These statements sum up my thoughts fairly well. I consider myself a fan of the original series, and there were some things I would have done differently with regards to plot and characterizations in Abrams' movie, but overall I accepted and enjoyed the movie for what it was.

As for potential kits of the Enterprise and/or other ships from the movie I'd prefer styrene over resin, but that's simply a personal preference. They can call it whatever scale they want to, but I'd like something comparable in size to Polar Lights' 1/1000 original series Enterprise kit (i.e., under 12" in length).


----------



## Steve H (Feb 8, 2009)

As a movie, I thought it would have made a OK TV episode of Enterprise. 

Seriously, I thought the cast was great, overall. (pardon me for using character names as I'm too tired and lazy to go to IMDB  ) I was a bit let down in Spock (or, Young Spock) but I figure he can get better, McCoy was PERFECT and had it dead on, Sulu and Chekov were nothing but hollow cyphers and Scotty...man, that just hurt. I do like the actor and he tried hard but no, no.

I think, story-wise, the most troublesome issue to me was the idea that the entire Classic Trek crew were all about the same age and woo hoo buds for LIFE, which just seems wrong, even if you choose to ignore 'what had gone before'. It's just illogical. 

I like the idea (as seen in the series) that Spock might have more time in-service compared to Kirk. I like that Scotty has been around and knows his stuff. I like that McCoy is older then Kirk but has less time in rank (it's been generally accepted that he was a successful doctor in private practice when something happens and he joins StarFleet), I like that Chekov was the 'new kid' on the ship. 

So, whatever.
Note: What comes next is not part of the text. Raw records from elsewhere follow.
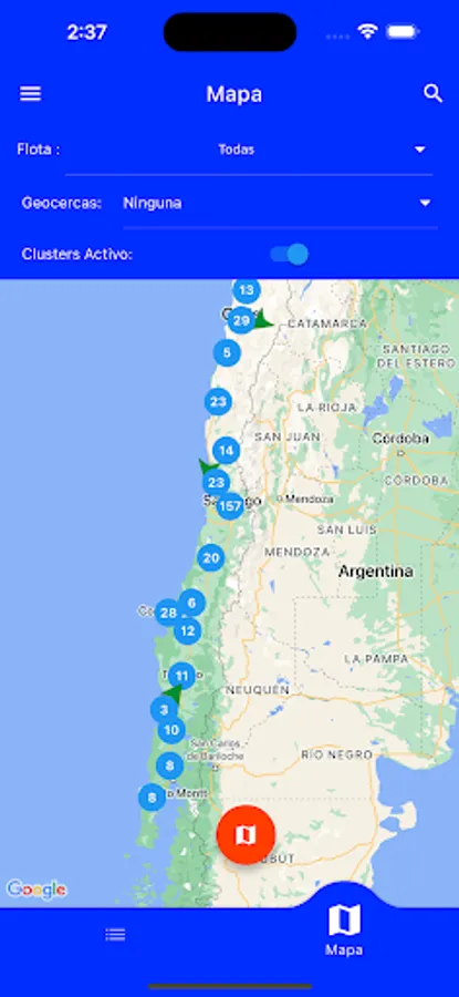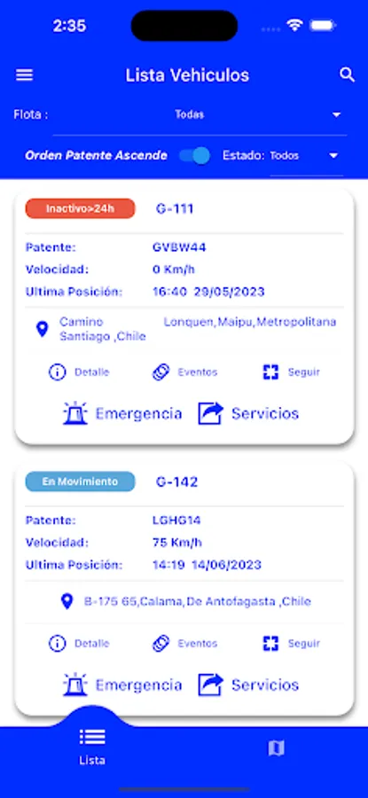 Application to see in real time, all your vehicles connected with GPS entel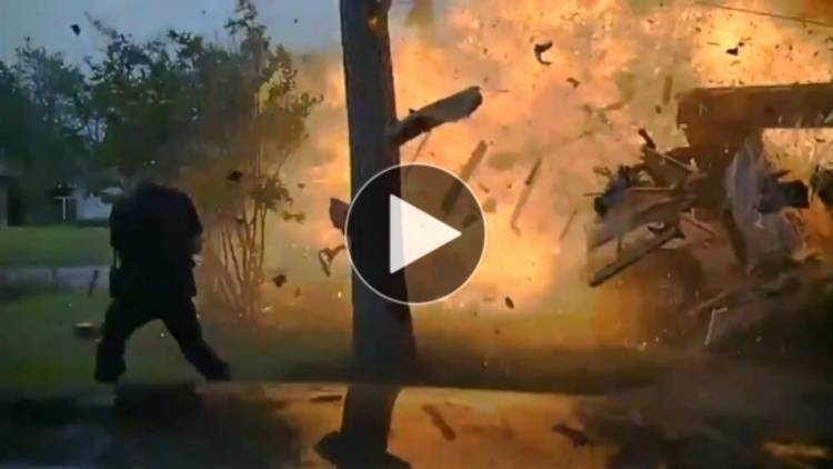 A camera captured the moment a Texas house exploded as officers arrived to respond to a car crash: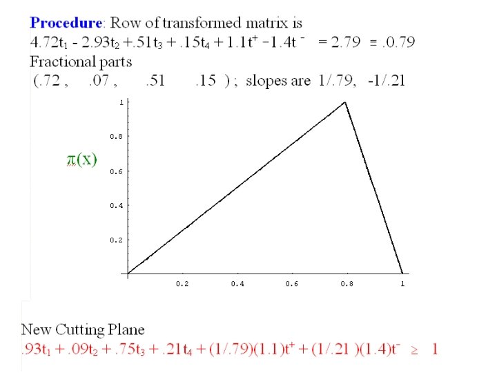 All of the three sided polygons create Facets • • For the continuous problem For the Integer Problem For the General problem Two Dimensional analog of Gomory Mixed Integer Cut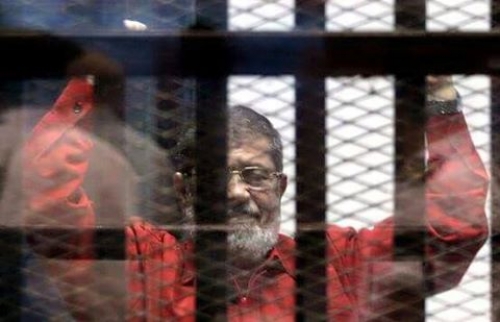 وجَّه الرئيس محمد مرسي خلال نظر جلسات قضية التخابر مع قطر التحية للمحامين والموجودين والمعتقلين في الحجز المجاور له، فى أول ظهور له بالبدلة الحمراء، عقب حكم الإعدام الصادر بحقه في قضية الهروب من وادي النطرون.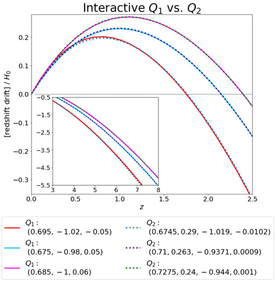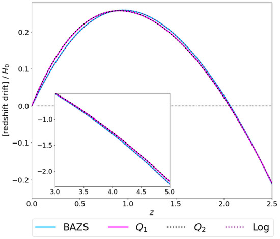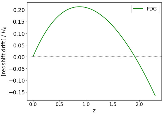 - Sandage, A. The change of redshift and apparent luminosity of galaxies due to the deceleration of selected expanding universes. Astrophys. J. 1962, 136, 319. [Google Scholar] [CrossRef]

JJTrek exists, Paramount will continue to let him do crap until there's a regime change at the studio, that's just reality. 10 year from now some other 'hot new guy' will get it in his (or her) head that they need to 'revive' the dormant Star Trek franchise again and we'll do this dance over and over...


----------



## fortress (Apr 1, 2006)

Steve H said:


> As a movie, I thought it would have made a OK TV episode of Enterprise.
> 
> Seriously, I thought the cast was great, overall. (pardon me for using character names as I'm too tired and lazy to go to IMDB  ) I was a bit let down in Spock (or, Young Spock) but I figure he can get better, McCoy was PERFECT and had it dead on, Sulu and Chekov were nothing but hollow cyphers and Scotty...man, that just hurt. I do like the actor and he tried hard but no, no.
> 
> ...


Right on Steve H, The guy who played Scott (Simon Pegg) good actor, 
a little over the top, and I like the fact that now Chekov the russian 
whiz kid saves the day, Sulu can't Drive at first (Lol), Spock and Uhura
....very different. Kirk and Spock enemies at first....nooooway.

the same world and at the same time......Not really. Interesting.
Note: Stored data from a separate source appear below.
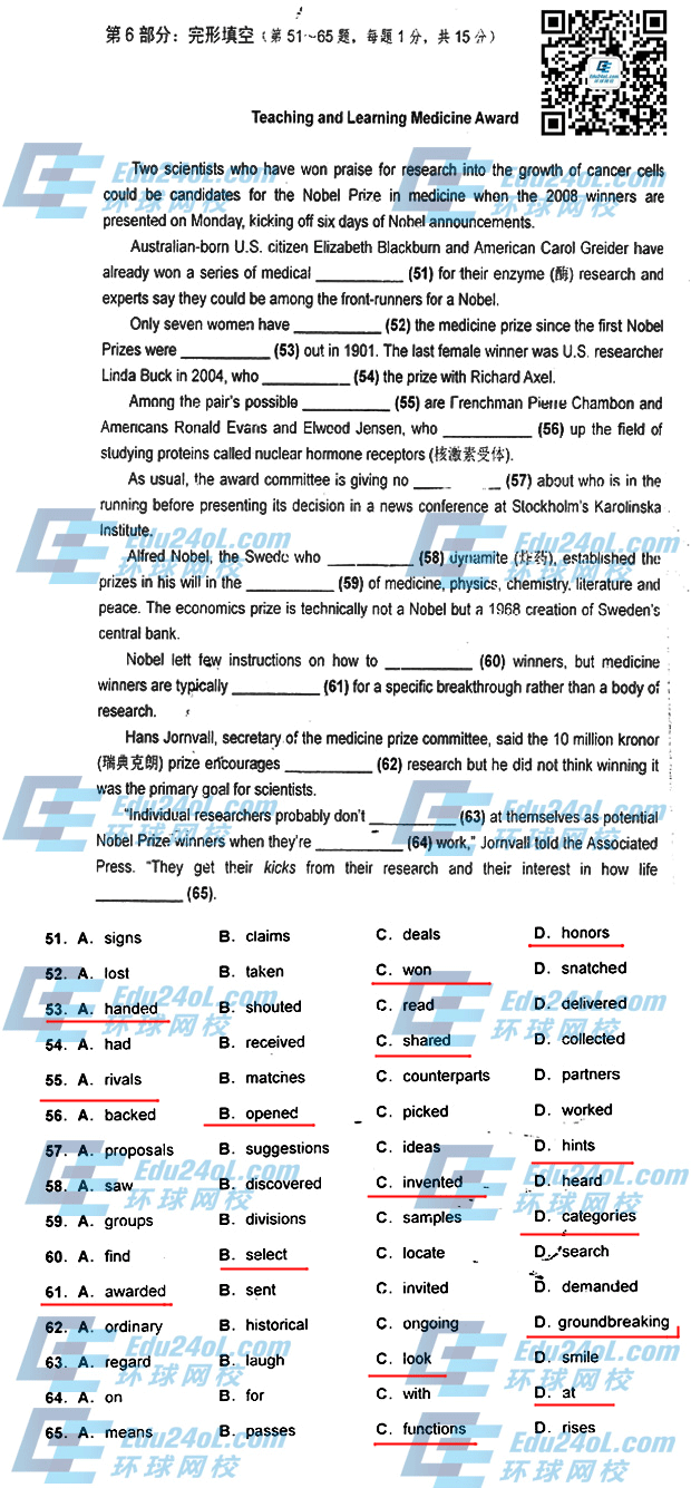 2014年職稱英語衛生類B級試題及答案:完形填空
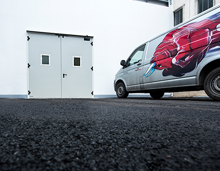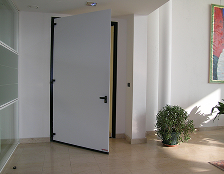 The door consists of 52 mm thick doors. 20/10 thick galvanised steel perimeter frame, painted black, with anti-spatter gasket seat, anchored to the wall compartment by means of expansion plugs: the doors are completely covered with smooth or peeled sheets obtained by continuous rolling process, in galvanised steel SENDZIMIR system, followed by phosphating and the application of 5 Micron thick primer on both faces. On the external side is applied the finishing varnish with a thickness of 20 Micron. The surface thus obtained is completely smooth. This pre-painting offers, without any alteration, the resistance of 400 hours in a salt spray chamber. Finally, we prevent scratches by applying adhesive film to be removed after installation.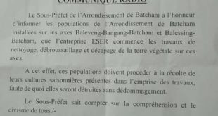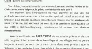 Lettre de remerciements de la paroisse Bon pasteur de Batcham-Bangwang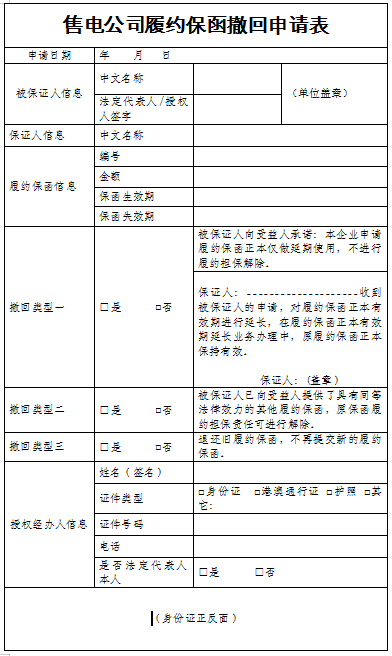 6.售电公司欲撤回已提交履约保函的,应在电力交易平台提交履约保函撤回申请,上传履约保函撤回申请表(详见附件6),交易中心校验交易结算执行情况,确认具备撤回条件后,将通知售电公司现场提交纸质原件至交易大厅,交易中心收取后,现场向售电公司退还履约保函正本,在交易平台向公众公示履约保函撤回信息。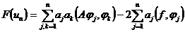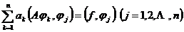 where a k is an undetermined constant, substitute u n into u in the equation Au=f , and take the inner product of both ends with j ( j =1,2, , n ) to obtain n algebraic equations of a k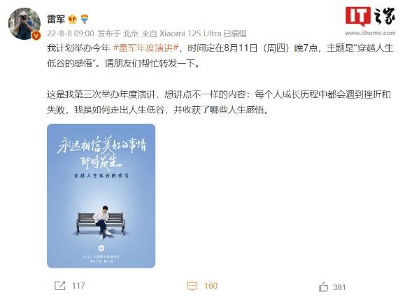雷軍通過(guò)社交媒體表示 年度演講主題是“穿越人生低谷的感悟” 10:08:01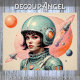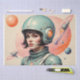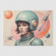 Uma representação na moda de uma mulher com um terno espacial elegante e capacete, colocada contra um fundo rosa. O design incorpora a estética da Era Atômica, misturando elementos retro-futurísticos com influências modernas do médio. Foguetes e motivos abstrato celestes reforçam o sentimento de otimismo e exploração, refletindo o fascínio da era pela viagem do espaço.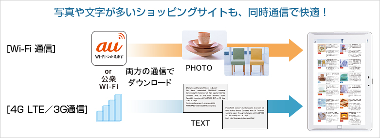 Wi-Fiと4G LTE/3G通信の2つの通信方式を同時に使用するので、快適な通信環境を保てます。たとえば、画像とテキストをそれぞれ別の回線でダウンロードすることで、画面表示が止まることもなく、スムーズに画面表示されます。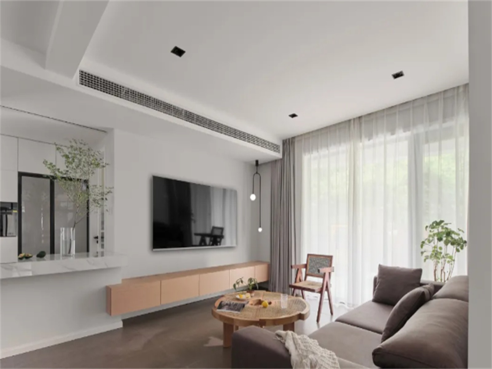 客厅落地窗外是一个精致的庭院,纱帘后的绿意若隐若现,增加意境氛围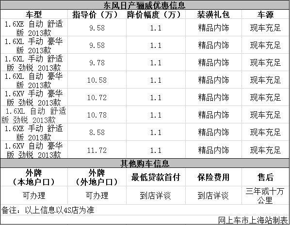 日前网上车市上海站从上海东昌4s店了解到,目前该店骊威优惠出售,详细请见下表: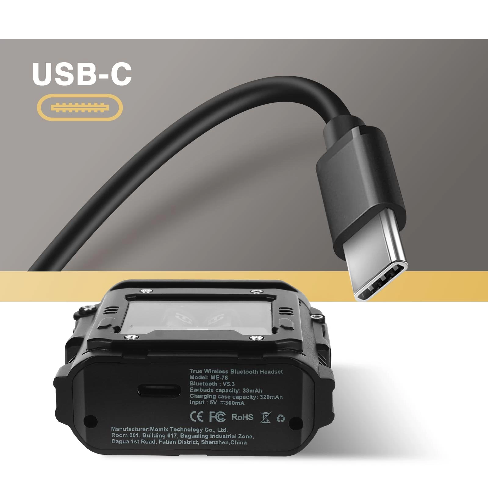 Écouteurs Bluetooth 5.3, Boîtier en Métal avec Ouverture à Clic, Étanches IPX5, Tactical StrikePods – Noir

It's no wonder the 2009 Enterprise looks the way it dose, maybe that
was JJ's point all long, everything is confused..but right at the same
time.  

Hey folks don't mind me...I went through a earthquake today and I 
think I shook lose I think I need.:thumbsup:

fortress


----------



## RSN (Jul 29, 2008)

fortress said:


> Right on Steve H, The guy who played Scott (Simon Pegg) good actor,
> a little over the top, and I like the fact that now Chekov the russian
> whiz kid saves the day, Sulu can't Drive at first (Lol), Spock and Uhura
> ....very different. Kirk and Spock enemies at first....nooooway.
> ...



This is exactly right. It is not the same universe anymore. Everything that has happened since the Romulan Mining ship appeared in the past, changed the course of everyones lives and personalities as well as Starfleet designs.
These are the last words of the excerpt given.